# Farming At Papa's On The Fourth Of July.



## Vol (Jul 5, 2009)

3 year old grandson Mason with his new crop of potatoes. He is not afraid to sweat.










1 year old granddaughter Lainey picking Papa's Zinnia's in the garden.










What could be more patriotic than 2 all-American grandchildren. I am grateful Lord.

Regards, Mike


----------



## RockyHill (Apr 24, 2013)

Beautiful grandchildren! Quite an encouragement to see the younger generation producing food and appreciating nature.

Shelia


----------



## somedevildawg (Jun 20, 2011)

You are blessed Mike....great pics!


----------



## stack em up (Mar 7, 2013)

At least the grandkids have good taste in color. The boy with his shorts and the girl with her flowers.

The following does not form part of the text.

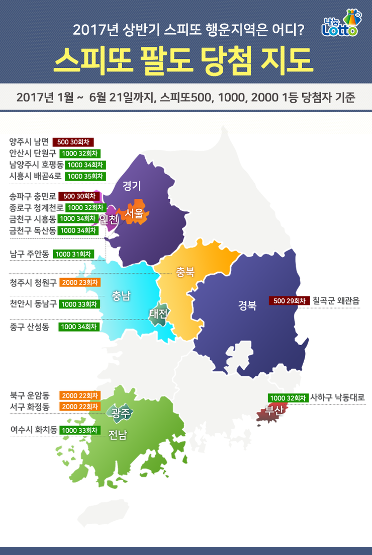 [나눔로또] '스피또 팔도 당첨 지도' 2017년 상반기 스피또 행운 지역은 어디?

Dad said that if he knew grandkids were this much fun he would've had them first!

Love the pics. Don't let them be afraid to get dirty.


----------



## Vol (Jul 5, 2009)

stack em up said:


> At least the grandkids have good taste in color. The boy with his shorts and the girl with her flowers


Wow stack I am impressed. You really did pick up on that. I had 1 orange Zinnia in the garden (more blooms on the plant) and Lainey went straight to it and picked it. We have so much fun with them....last evening we started shooting fireworks at dusk and they really had a great time.

Regards, Mike


----------